Connectivity plot of dysbiotic and nondysbiotic groups from network analysis. Each taxa is represented as a node in complex graph, and an edge is made between 2 nodes if they are present in the same class and above a defined threshold. We then compared network topologies. We present the connectivity plot by node (taxa) for the 2 defined categories.

Fig. 13.

Cumulative distribution function (CDF) plot of subject classes from network analysis.

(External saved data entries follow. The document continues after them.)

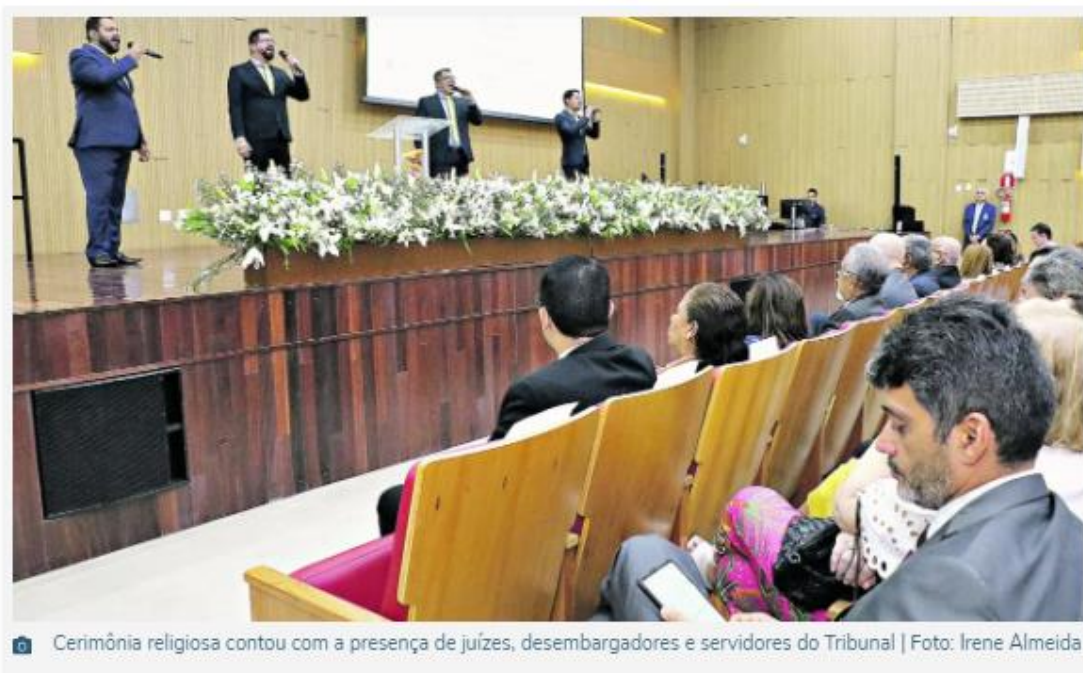
Cerimônia religiosa contou com a presença de juízes, desembargadores e servidores do Tribunal

O Tribunal de Justiça do Estado do Pará (TJPA) completará 150 anos de instalação amanhã (3) e a programação oficial para celebrar a data foi aberta ontem (1º) com um culto em ação de graças no Auditório Desembargadora Maria Lúcia Gomes Marcos dos Santos, na sede do Tribunal, em Belém. Magistrados e servidores públicos participaram do evento, que foi celebrado pelo pastor Davi Nascimento.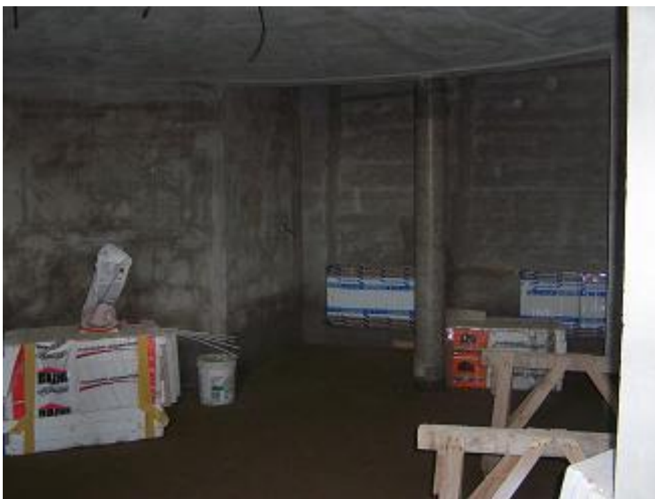
budoucí klubovna v suterénu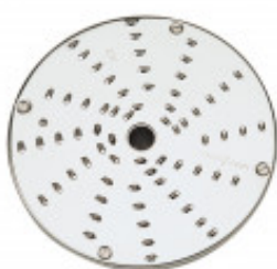
DISCO PER TAGLIO JULIENNE CON SPESSORE DI MILLIMETRI 1.5 PER CL50D/52D/55D CL50D- E/ 52D - E /55D/ CL 50 GOURMET/ CL 60 - R502D -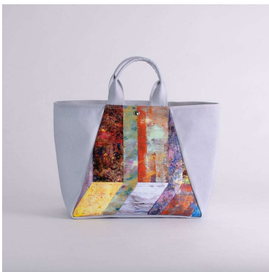
舟形トートバッグ | Gesture 2 アーティスト：片山高志 15,640円（税込 17,204円）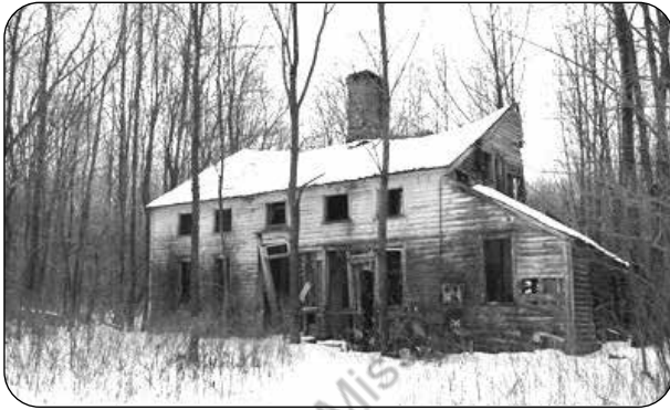
चार्ल्स फिनी जन्मेको घर - वारेन, कनेक्टीकट

हुँदा, मेरो बुवा होनैडा भागमा पर्ने न्यु योर्कमा सर्नुभयो, जुन ठाउँमा प्रायजस्तो जङ्गल नै थियो। त्यहाँको बासिन्दाहरूलाई धार्मिक सेवा पाउने केही मौका थिएन। तिनीहरूको बीचमा थोरै धार्मिक पुस्तकहरू मात्र थिए। मैले सामुदायिक विद्यालयमा पढ्ने मौका पाएँ, गर्मीयाम र जाडोयाम हुँदै, मलाई लाग्छ, १६ वर्षको उमेरसम्म बिताएँ, त्यति बेलाको सामुदायिक विद्यालयको नियमानुसार नै एउटा सामुदायिक विद्यालयमा पढाउन सक्ने व्यक्ति हुन पुगौँ।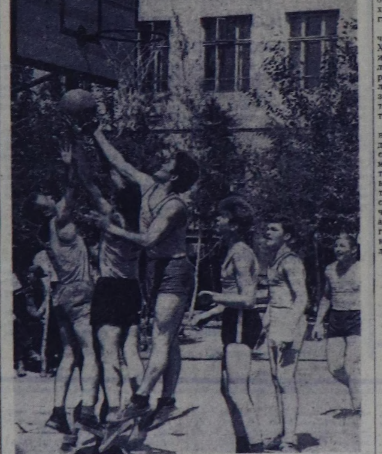
Чурунта: Кызылдың көдө ажыл-агый техникумунун сургуулары биле Тес-Хем районун командаларынын ойнап турары.

Чамдык элестетип бо айтыргаларын салып турары чөре шык. Чымыл командалары республиканын спорт чөвүлели чымы, зона айымын маргылааларына белеткендирин турар болгаш ол-ла маргылааларга киржери-биле чорудуп турар. «Спар-так» болгаш «Урожай» эки-тура спорт ниятелидери база-ла хире-черге-биле чымыды командалары киржери-биле чорудуп турар. Зона маргылаалары бистин спортчуларымын белет-кенде бар чөтпес чүгө олары чүг-тө маргылаа болурунун мырынай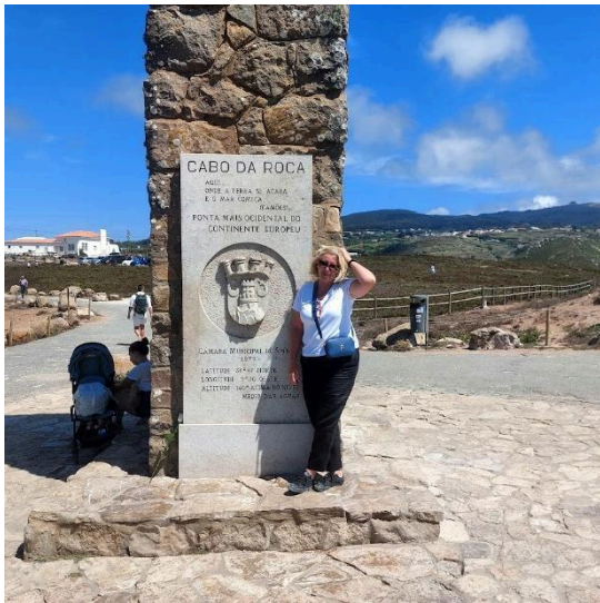
Európa legnyugatibb pontjánál Belémben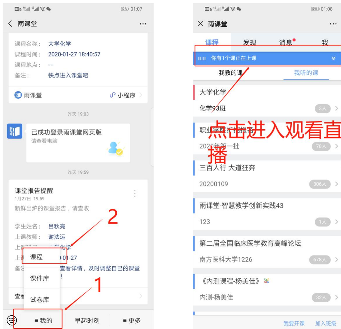
图6 公众号进入直播

Each taxa is represented as a node in complex graph, and a connection is made between 2 nodes if they are present in the same class and above a defined threshold. We then compared network topologies. We present the CDF of the degree distributions per node (taxa) for the 3 defined categories.

Fig. 14.

Canonical correspondence analysis (CCA) using endotoxin as the environmental variable and bacterial taxa at the class level. HC are depicted as black squares. ALC are depicted as gray upward triangles. ALD are depicted as open downward triangles.

Fig. 15.

Rarefaction curve using chao1 index by study group. Curves suggest no differences in α-diversity.